The LLM integration layer abstracts OpenAI, Anthropic, and OpenRouter behind a unified interface. You can swap gpt-4 for claude-3-opus without touching agent logic:
from agisdk.llms import get_llm_client
client = get_llm_client("anthropic/claude-3-opus")
response = client.complete(
messages=[{"role": "user", "content": prompt}],
max_tokens=500
)
action = parse_function_call(response.text)
The cloned websites themselves live in separate repos—full-stack applications you run locally or deploy to staging. The Amazon clone has a SQLite product catalog seeded with deterministic inventory. DoorDash clone includes restaurant menus and cart logic. This is where the “deterministic” promise gets tested: every agent run sees identical product listings, prices, and UI state. No more “it worked yesterday” debugging because Amazon shuffled their homepage layout.
Gotcha
The elephant in the room: these are clones, not the real sites. AGI SDK trades realism for reproducibility, and that trade-off bites in subtle ways. The clones capture major UI patterns but miss edge cases—loading states that take 3 seconds on real Amazon but are instant locally, anti-bot CAPTCHAs that would block real agents, A/B tested layouts that confuse agents trained on the clone’s single UI version. An agent that aces REAL Bench might faceplant on production Amazon because it never learned to handle rate limits or dynamic content insertion. The sim-to-real gap is narrower than toy benchmarks, but it’s still a chasm.
Documentation is the other pain point. The README shows a quickstart example, then… ends. How do you integrate custom observations? What’s the full action space? How do you add new websites to the benchmark? You’re reading example code in examples/ to reverse-engineer patterns. The leaderboard submission process is vague—there’s mention of uploading results but no API docs. For a project positioning itself as infrastructure for the agent research community, the “read the source” approach will frustrate teams wanting to move fast. The Playwright dependency also means heavyweight setup: browser binaries, headless rendering, non-trivial CI/CD integration if you want to run evals in your testing pipeline.
Verdict
Use if: You’re building web automation agents (shopping bots, travel assistants, data scrapers) and need a credible benchmark to track progress without fooling yourself with toy tasks.
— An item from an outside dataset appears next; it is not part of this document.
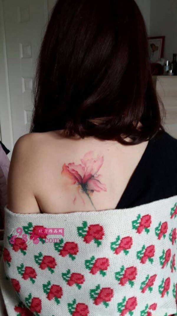 女生肩花纹身_15张女性双肩对称的肩花纹身图案作品图片

Use if you’re publishing agent research and want reviewers to take your evaluation seriously—REAL Bench’s deterministic environments mean your results are actually reproducible. Use if you’re comparing LLMs for agentic tasks and want standardized web scenarios beyond “answer questions” or “write code”. Skip if: You need mobile app or desktop automation (this is browser-only), you’re working with real websites where determinism isn’t required (just use Playwright directly), or you want lightweight testing without running full React apps locally. Skip if you need extensive documentation and polish—this is a research tool that expects you to dig into code. The verdict: AGI SDK is the most serious web agent benchmark available in open source, but you’re paying for that seriousness with complexity and setup overhead.